#### [Work required]
Where a record contains an image, leave the image out and print the rest exactly.

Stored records
%%

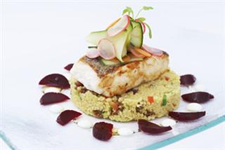 Pan-fried hake with cous cous and pickled vegetables
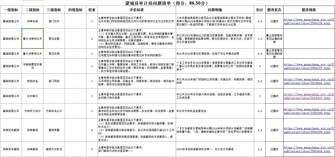 | 名称: | 【整改反馈】蒙城县审计局关于反馈2024年1-6月政务公开测评问题清单整改情况 |
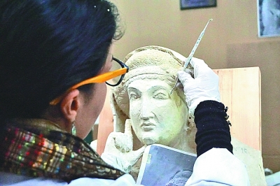 12月5日,在敘利亞首都大馬士革,文物修復師赫芭·朱馬在國家博物館內修復來自巴爾米拉的受損雕像。新華社發
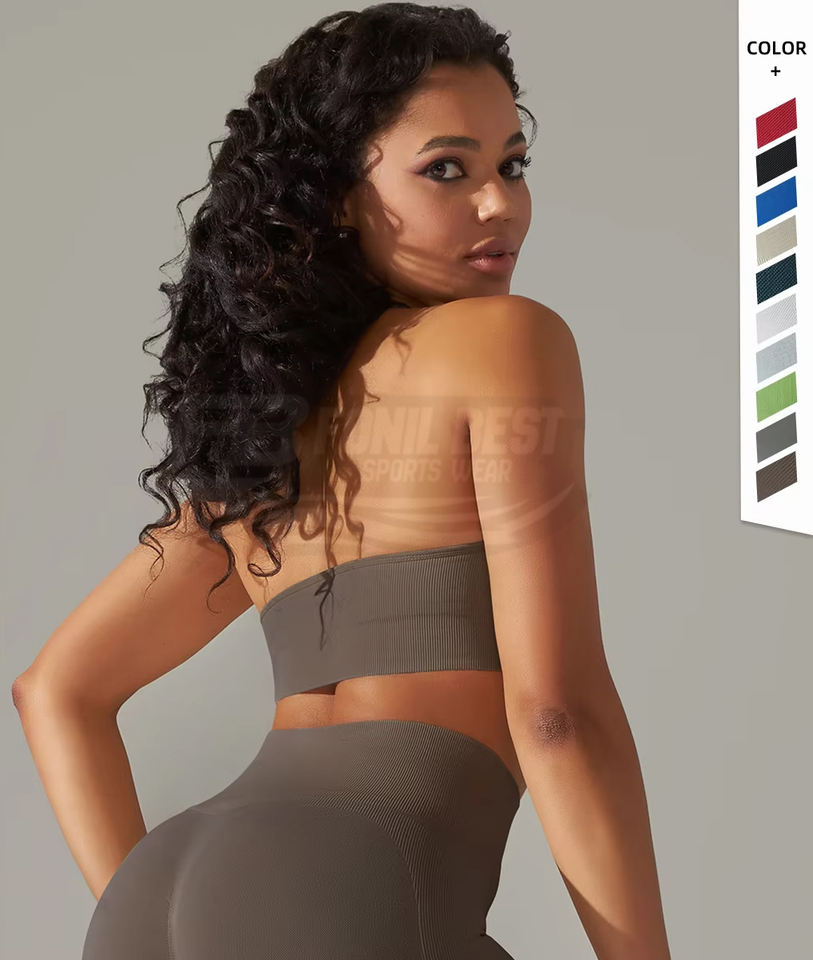 Ensemble 2 pièces soutien-gorge de sport respirant et écologique sans coutures gris clair et rouge uni pour femme, haute qualité, vente en gros, idéal pour la gym - Nouvelle collection à succès
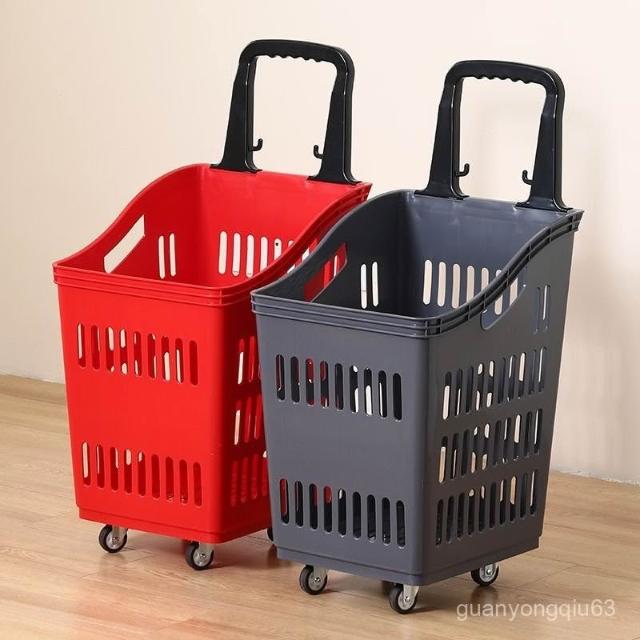 可開發票 免運超大超市購物籃手提籃塑料籃手拉桿帶輪加厚商場購物車買菜籃子
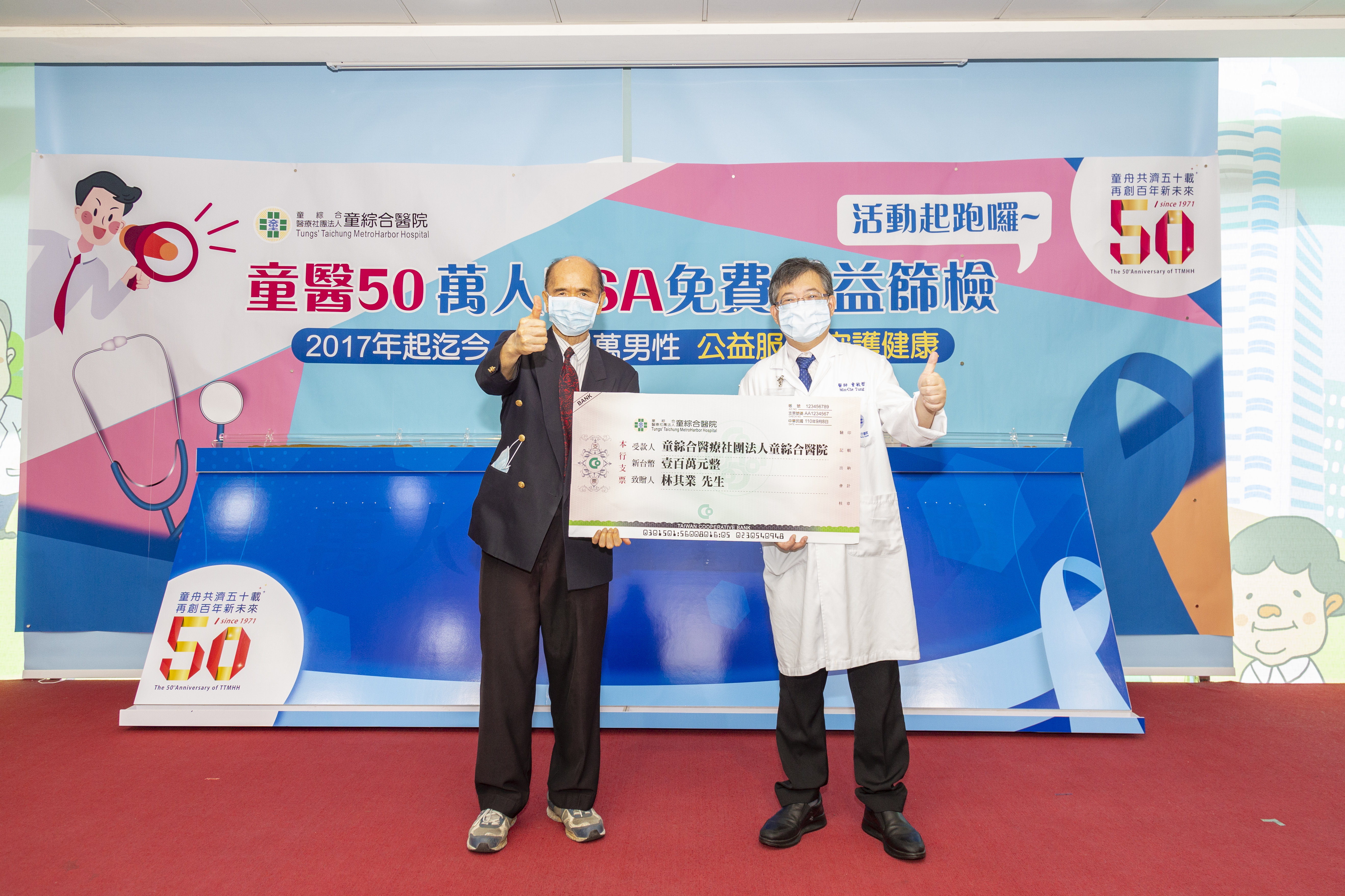 中華民國泌尿腫瘤關懷協會常務理事林其業先生,繼去年捐贈一百萬響應篩檢活動後,今年仍是捐贈一百萬繼續支持,希望能夠幫助更多男性民眾。林其業先生本身也是病友,在2012年,突然發現攝護腺指數(PSA)高達69,已經是標準值4的17倍,屬於癌症末期,尋求三家大醫院的治療,但醫師多是認為癌症末期,不願意為開刀,最後找到了歐宴泉院長,歐院長使用達文西微創手術來清除腫瘤細胞,術後迄今已十年,林其業先生仍身體狀況十分良好,所以更深切感受到定期篩檢的重要性,為了幫助更多男性朋友都能儘早發現早期治療,也特地連續兩年各捐贈一百萬元,支持舉辦萬人PSA公益篩檢活動,讓更多人也可以受惠。
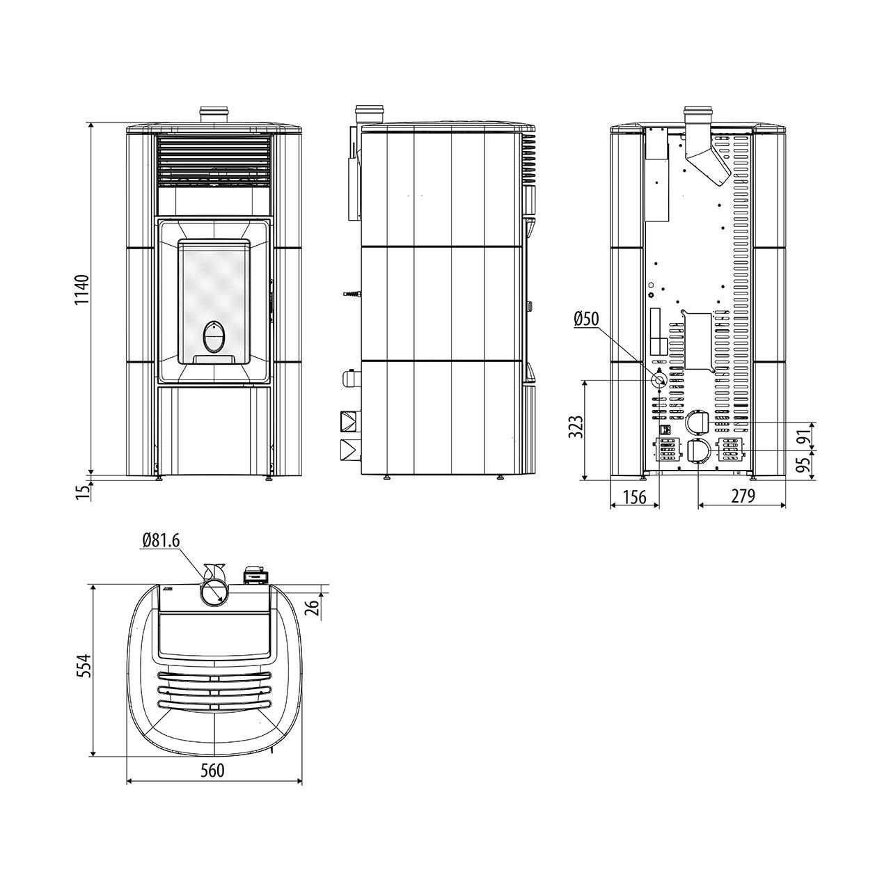 - Pelletofen mit Stahlkorpus, Top und Außenseiten aus Keramik
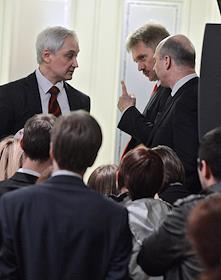 Совещание по экономическим вопросам. Министр экономического развития России Андрей Белоусов (слева), министр финансов России Антон Силуанов (второй справа), заместитель руководителя администрации президента России, пресс-секретарь Президента Дмитрий Песков (справа) в резиденции "Бочаров ручей-2".
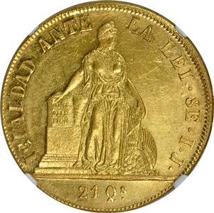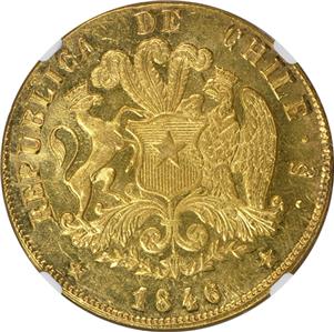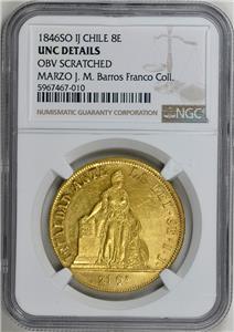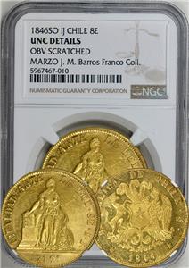 Chile Republic 1846 SO IJ 8 Escudos graded by NGC as UNC DTLS due to small obverse scratches.

%%

#### [Answer to the exercise]
 Pan-fried hake with cous cous and pickled vegetables
 | 名称: | 【整改反馈】蒙城县审计局关于反馈2024年1-6月政务公开测评问题清单整改情况 |
 12月5日,在敘利亞首都大馬士革,文物修復師赫芭·朱馬在國家博物館內修復來自巴爾米拉的受損雕像。新華社發
 Ensemble 2 pièces soutien-gorge de sport respirant et écologique sans coutures gris clair et rouge uni pour femme, haute qualité, vente en gros, idéal pour la gym - Nouvelle collection à succès
 可開發票 免運超大超市購物籃手提籃塑料籃手拉桿帶輪加厚商場購物車買菜籃子
 中華民國泌尿腫瘤關懷協會常務理事林其業先生,繼去年捐贈一百萬響應篩檢活動後,今年仍是捐贈一百萬繼續支持,希望能夠幫助更多男性民眾。林其業先生本身也是病友,在2012年,突然發現攝護腺指數(PSA)高達69,已經是標準值4的17倍,屬於癌症末期,尋求三家大醫院的治療,但醫師多是認為癌症末期,不願意為開刀,最後找到了歐宴泉院長,歐院長使用達文西微創手術來清除腫瘤細胞,術後迄今已十年,林其業先生仍身體狀況十分良好,所以更深切感受到定期篩檢的重要性,為了幫助更多男性朋友都能儘早發現早期治療,也特地連續兩年各捐贈一百萬元,支持舉辦萬人PSA公益篩檢活動,讓更多人也可以受惠。
 - Pelletofen mit Stahlkorpus, Top und Außenseiten aus Keramik
 Совещание по экономическим вопросам. Министр экономического развития России Андрей Белоусов (слева), министр финансов России Антон Силуанов (второй справа), заместитель руководителя администрации президента России, пресс-секретарь Президента Дмитрий Песков (справа) в резиденции "Бочаров ручей-2".
 Chile Republic 1846 SO IJ 8 Escudos graded by NGC as UNC DTLS due to small obverse scratches.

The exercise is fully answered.